Linux io-uring development
 help / color / mirror / Atom feed
From: Pavel Begunkov <asml.silence@gmail.com>
To: Bernd Schubert <bernd.schubert@fastmail.fm>,
	Miklos Szeredi <miklos@szeredi.hu>,
	Ming Lei <tom.leiming@gmail.com>
Cc: Jens Axboe <axboe@kernel.dk>,
	io-uring@vger.kernel.org, Joanne Koong <joannelkoong@gmail.com>,
	Josef Bacik <josef@toxicpanda.com>
Subject: Re: Large CQE for fuse headers
Date: Mon, 14 Oct 2024 18:48:13 +0100	[thread overview]
Message-ID: <74b0e140-f79d-4a89-a83a-77334f739c92@gmail.com> (raw)
In-Reply-To: <24ee0d07-47cc-4dcb-bdca-2123f38d7219@fastmail.fm>

On 10/14/24 16:21, Bernd Schubert wrote:
> On 10/14/24 15:34, Pavel Begunkov wrote:
>> On 10/14/24 13:47, Bernd Schubert wrote:
>>> On 10/14/24 13:10, Miklos Szeredi wrote:
>>>> On Mon, 14 Oct 2024 at 04:44, Ming Lei <tom.leiming@gmail.com> wrote:
>>>>
>>>>> It also depends on how fuse user code consumes the big CQE payload, if
>>>>> fuse header needs to keep in memory a bit long, you may have to copy it
>>>>> somewhere for post-processing since io_uring(kernel) needs CQE to be
>>>>> returned back asap.
>>>>
>>>> Yes.
>>>>
>>>> I'm not quite sure how the libfuse interface will work to accommodate
>>>> this.  Currently if the server needs to delay the processing of a
>>>> request it would have to copy all arguments, since validity will not
>>>> be guaranteed after the callback returns.  With the io_uring
>>>> infrastructure the headers would need to be copied, but the data
>>>> buffer would be per-request and would not need copying.  This is
>>>> relaxing a requirement so existing servers would continue to work
>>>> fine, but would not be able to take full advantage of the multi-buffer
>>>> design.
>>>>
>>>> Bernd do you have an idea how this would work?
>>>
>>> I assume returning a CQE is io_uring_cq_advance()?
>>
>> Yes
>>
>>> In my current libfuse io_uring branch that only happens when
>>> all CQEs have been processed. We could also easily switch to
>>> io_uring_cqe_seen() to do it per CQE.
>>
>> Either that one.
>>
>>> I don't understand why we need to return CQEs asap, assuming CQ
>>> ring size is the same as SQ ring size - why does it matter?
>>
>> The SQE is consumed once the request is issued, but nothing
>> prevents the user to keep the QD larger than the SQ size,
>> e.g. do M syscalls each ending N requests and then wait for

typo, Sending or queueing N requests. In other words it's
perfectly legal to:

It's perfectly legal to:

ring = create_ring(nr_cqes=N);
for (i = 0 .. M) {
	for (i = 0..N)
		prep_sqe();
	submit_all_sqes();
}
wait(nr=N * M);


With a caveat that the wait can't complete more than the
CQ size, but you can even add a loop atop of the wait.
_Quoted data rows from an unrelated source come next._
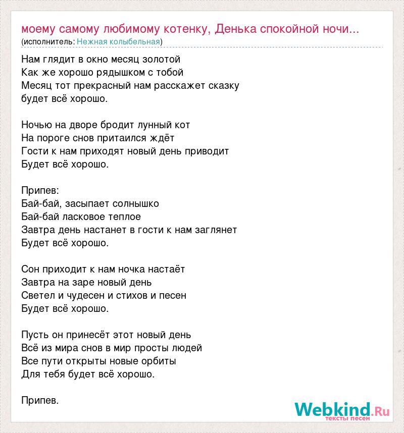 Нам глядит в окно месяц золотой Как же хорошо рядышком с тобой Месяц тот прекрасный нам расскажет сказку будет всё хорошо. Ночью на дворе бродит лунный кот На пороге снов притаился ждёт Гости к нам приходят новый день приводит Будет всё хорошо. Припев: Бай-бай, засыпает солнышко Бай-бай ласковое теплое Завтра день настанет в гости к нам заглянет Будет всё хорошо. Сон приходит к нам ночка настаёт Завтра на заре новый день Светел и чудесен и стихов и песен Будет всё хорошо. Пусть он принесёт этот новый день Всё из мира снов в мир просты людей Все пути открыты новые орбиты Для тебя будет всё хорошо. Припев.
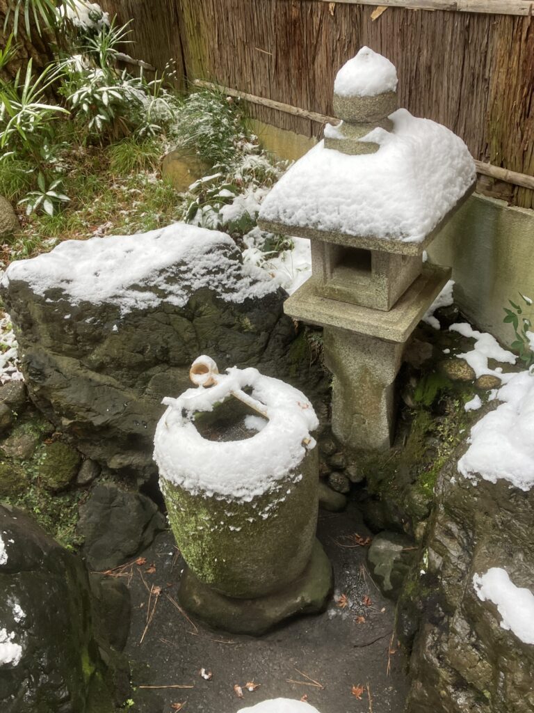 一夜明けても、お庭の降り蹲踞と織部燈篭は雪をかぶっていました。
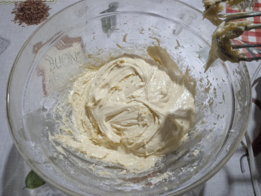 В мягкое сливочное масло добавьте весь объем сахара и тщательно разотрите до однородной консистенции с помощью миксера.

while (nr_inflight_cqes) {
	wait(nr = min(CQ_size, nr_inflight_cqes);
	process_cqes();
}

Or do something more elaborate, often frameworks allow
to push any number of requests not caring too much about
exactly matching queue sizes apart from sizing them for
performance reasons.

>> N * M completions.
>>
> 
> I need a bit help to understand this. Do you mean that in typical
> io-uring usage SQEs get submitted, already released in kernel

Typical or not, but the number of requests in flight is not
limited by the size of the SQ, it only limits how many
requests you can queue per syscall, i.e. per io_uring_submit().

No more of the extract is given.